Together then: Liberal activist judges make law, as opposed to interpreting it. They ignore the plain meaning of texts to invent new rights. Superimposing their moral views onto their legal reasoning, they brazenly advance the cause of the fringe liberal elites in the culture wars.

She proposes that we call conservative activists “re-activists” in order to counter the cw. I like it, but I think it needs to be stated with greater forcefulness, as much as possible, that the claim that the conservatives on the Rehnquist Court are anything but activist is just transparently absurd. That in the wake of Bush v. Gore, Boy Scouts v.
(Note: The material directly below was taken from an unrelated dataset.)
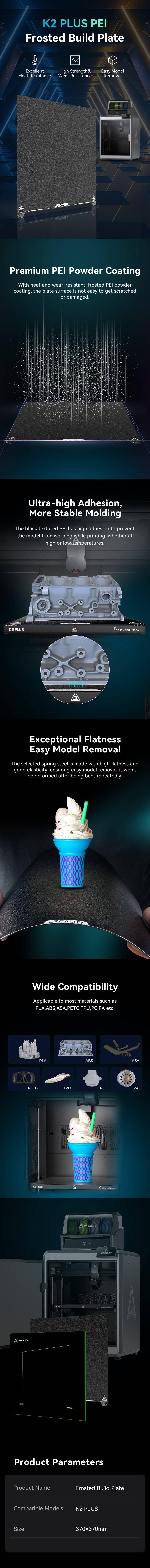 لوح بناء PEI لطابعة Creality K2 Plus هو حل مبتكر لتحسين أداء الطباعة وجودتها. يتميز هذا اللوح بسطح PEI الذي يعزز الالتصاق الجيد للطباعة على مدار العملية ويوفر نتائج دقيقة وعالية الجودة.
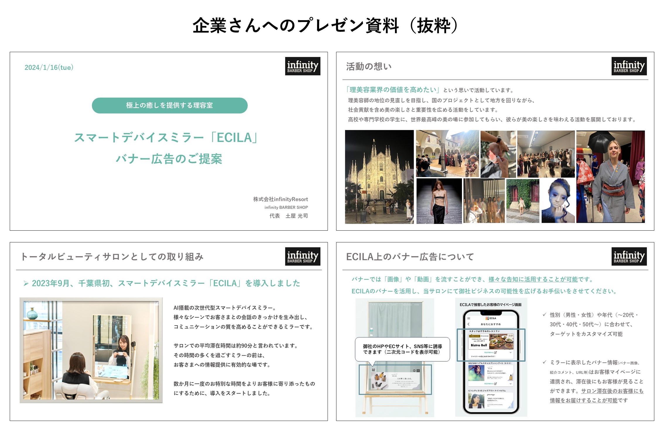 次は、広告を流してくれる企業さんを募るためのプレゼン資料づくり。新規来店者数や来店されるお客さま層など、サロン情報を精査してinfinity BARBER SHOPで広告を流すメリットをしっかり説明できるように試行錯誤した。

Dale, Seminole Tribe v. Florida, US v. Morrison, etc. etc. “activism” can be conflated with “liberal”–as if this was 1964 and Hugo Black was the median justice–is so utterly ridiculous it’s amazing this column needed to be written. A new term really isn’t necessary. Nor are the conservatives on the court in any way constrained by their alleged methods of interpretation. Clarence Thomas has never even tried to explain how the 14th Amendment, as construed during the time of the Reconstruction Congress, could prohibit race-conscious remedies, because this position is indefensible. Antonin Scalia has never explained how literal textualism can lead to reading the 11th Amendment’s prohibition on suing other state governments as prohibiting suing one’s own state government, because this position is indefensible.

The greater problem, I think, is that in its perjorative sense the term “activism” is just worthless question-begging. I don’t object to using “activist” in the empirical sense of whether courts are generally deferential to legislatures (by which standard the Rehnquist Court is, of course, among the most activist in history.) But as a way of criticizing opinions with which one disagrees, it basically has no value.